▸ **Provided data**:
*****

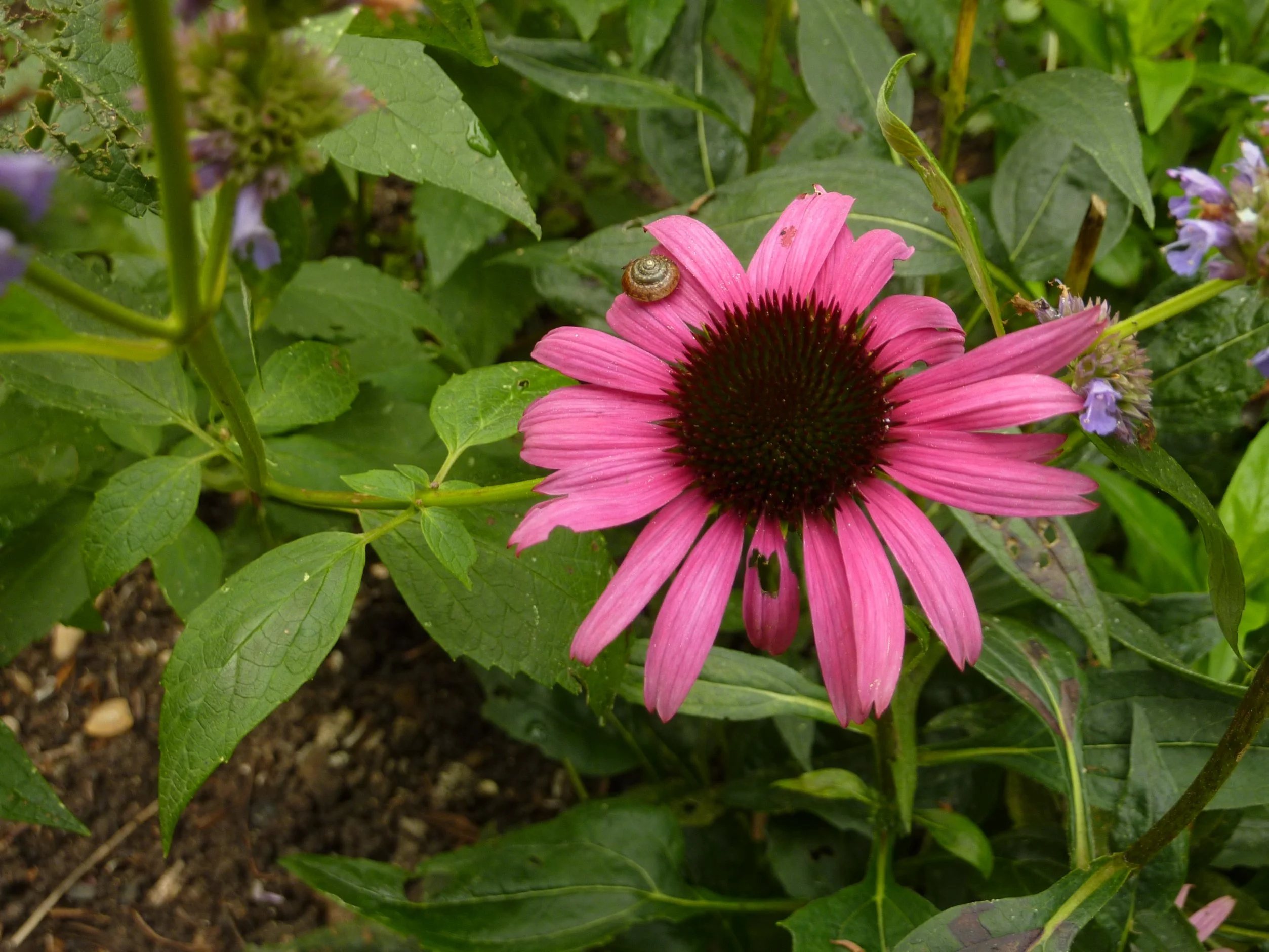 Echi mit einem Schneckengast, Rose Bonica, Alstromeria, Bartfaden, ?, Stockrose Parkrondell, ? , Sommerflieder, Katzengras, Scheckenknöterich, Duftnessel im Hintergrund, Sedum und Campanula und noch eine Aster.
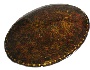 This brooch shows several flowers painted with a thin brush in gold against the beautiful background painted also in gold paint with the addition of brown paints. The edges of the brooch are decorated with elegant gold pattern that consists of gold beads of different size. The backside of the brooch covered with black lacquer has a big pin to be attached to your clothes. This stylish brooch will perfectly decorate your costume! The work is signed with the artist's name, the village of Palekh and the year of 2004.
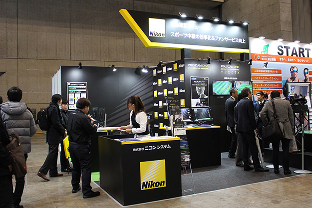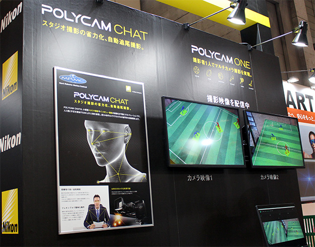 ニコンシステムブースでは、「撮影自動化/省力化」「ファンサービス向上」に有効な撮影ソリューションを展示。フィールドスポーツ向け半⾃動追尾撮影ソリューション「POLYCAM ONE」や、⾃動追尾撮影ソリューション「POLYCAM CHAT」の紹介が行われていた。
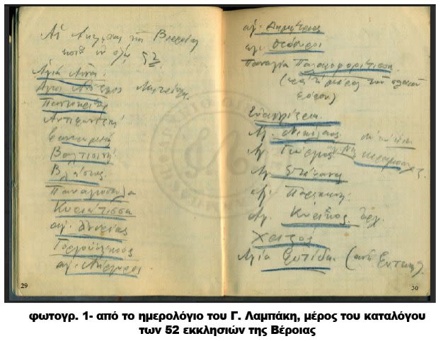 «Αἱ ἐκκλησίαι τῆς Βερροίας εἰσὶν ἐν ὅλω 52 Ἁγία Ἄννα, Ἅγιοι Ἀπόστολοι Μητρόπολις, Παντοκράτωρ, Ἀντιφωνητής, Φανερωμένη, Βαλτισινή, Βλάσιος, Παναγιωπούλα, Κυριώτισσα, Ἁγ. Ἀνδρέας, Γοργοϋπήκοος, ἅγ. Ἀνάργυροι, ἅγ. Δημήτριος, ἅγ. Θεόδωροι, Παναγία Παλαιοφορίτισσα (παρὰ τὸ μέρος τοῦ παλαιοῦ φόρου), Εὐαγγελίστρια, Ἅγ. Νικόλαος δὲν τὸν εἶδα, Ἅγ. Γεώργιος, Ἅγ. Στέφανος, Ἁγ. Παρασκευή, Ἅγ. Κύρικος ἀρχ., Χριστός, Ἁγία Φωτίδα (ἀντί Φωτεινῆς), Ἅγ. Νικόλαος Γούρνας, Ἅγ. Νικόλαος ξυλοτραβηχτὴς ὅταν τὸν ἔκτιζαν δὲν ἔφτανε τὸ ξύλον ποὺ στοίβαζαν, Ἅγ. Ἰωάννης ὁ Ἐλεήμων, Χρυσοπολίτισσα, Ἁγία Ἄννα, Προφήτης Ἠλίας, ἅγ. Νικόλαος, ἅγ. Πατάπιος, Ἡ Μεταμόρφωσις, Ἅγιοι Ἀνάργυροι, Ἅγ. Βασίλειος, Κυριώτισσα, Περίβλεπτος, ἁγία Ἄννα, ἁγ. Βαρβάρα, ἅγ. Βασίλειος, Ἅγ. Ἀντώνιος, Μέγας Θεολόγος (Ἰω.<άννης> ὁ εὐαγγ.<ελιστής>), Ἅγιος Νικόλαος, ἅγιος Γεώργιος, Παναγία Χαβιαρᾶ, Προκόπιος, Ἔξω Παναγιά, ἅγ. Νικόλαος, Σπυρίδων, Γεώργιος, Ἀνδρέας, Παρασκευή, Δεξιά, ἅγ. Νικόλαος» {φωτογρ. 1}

*****

▸ **What is required**: Wherever the listing shows a picture, omit it and output the rest exactly as given.

▸ **Completed exercise**:
 Echi mit einem Schneckengast, Rose Bonica, Alstromeria, Bartfaden, ?, Stockrose Parkrondell, ? , Sommerflieder, Katzengras, Scheckenknöterich, Duftnessel im Hintergrund, Sedum und Campanula und noch eine Aster.
 This brooch shows several flowers painted with a thin brush in gold against the beautiful background painted also in gold paint with the addition of brown paints. The edges of the brooch are decorated with elegant gold pattern that consists of gold beads of different size. The backside of the brooch covered with black lacquer has a big pin to be attached to your clothes. This stylish brooch will perfectly decorate your costume! The work is signed with the artist's name, the village of Palekh and the year of 2004.
 ニコンシステムブースでは、「撮影自動化/省力化」「ファンサービス向上」に有効な撮影ソリューションを展示。フィールドスポーツ向け半⾃動追尾撮影ソリューション「POLYCAM ONE」や、⾃動追尾撮影ソリューション「POLYCAM CHAT」の紹介が行われていた。
 «Αἱ ἐκκλησίαι τῆς Βερροίας εἰσὶν ἐν ὅλω 52 Ἁγία Ἄννα, Ἅγιοι Ἀπόστολοι Μητρόπολις, Παντοκράτωρ, Ἀντιφωνητής, Φανερωμένη, Βαλτισινή, Βλάσιος, Παναγιωπούλα, Κυριώτισσα, Ἁγ. Ἀνδρέας, Γοργοϋπήκοος, ἅγ. Ἀνάργυροι, ἅγ. Δημήτριος, ἅγ. Θεόδωροι, Παναγία Παλαιοφορίτισσα (παρὰ τὸ μέρος τοῦ παλαιοῦ φόρου), Εὐαγγελίστρια, Ἅγ. Νικόλαος δὲν τὸν εἶδα, Ἅγ. Γεώργιος, Ἅγ. Στέφανος, Ἁγ. Παρασκευή, Ἅγ. Κύρικος ἀρχ., Χριστός, Ἁγία Φωτίδα (ἀντί Φωτεινῆς), Ἅγ. Νικόλαος Γούρνας, Ἅγ. Νικόλαος ξυλοτραβηχτὴς ὅταν τὸν ἔκτιζαν δὲν ἔφτανε τὸ ξύλον ποὺ στοίβαζαν, Ἅγ. Ἰωάννης ὁ Ἐλεήμων, Χρυσοπολίτισσα, Ἁγία Ἄννα, Προφήτης Ἠλίας, ἅγ. Νικόλαος, ἅγ. Πατάπιος, Ἡ Μεταμόρφωσις, Ἅγιοι Ἀνάργυροι, Ἅγ. Βασίλειος, Κυριώτισσα, Περίβλεπτος, ἁγία Ἄννα, ἁγ. Βαρβάρα, ἅγ. Βασίλειος, Ἅγ. Ἀντώνιος, Μέγας Θεολόγος (Ἰω.<άννης> ὁ εὐαγγ.<ελιστής>), Ἅγιος Νικόλαος, ἅγιος Γεώργιος, Παναγία Χαβιαρᾶ, Προκόπιος, Ἔξω Παναγιά, ἅγ. Νικόλαος, Σπυρίδων, Γεώργιος, Ἀνδρέας, Παρασκευή, Δεξιά, ἅγ. Νικόλαος» {φωτογρ. 1}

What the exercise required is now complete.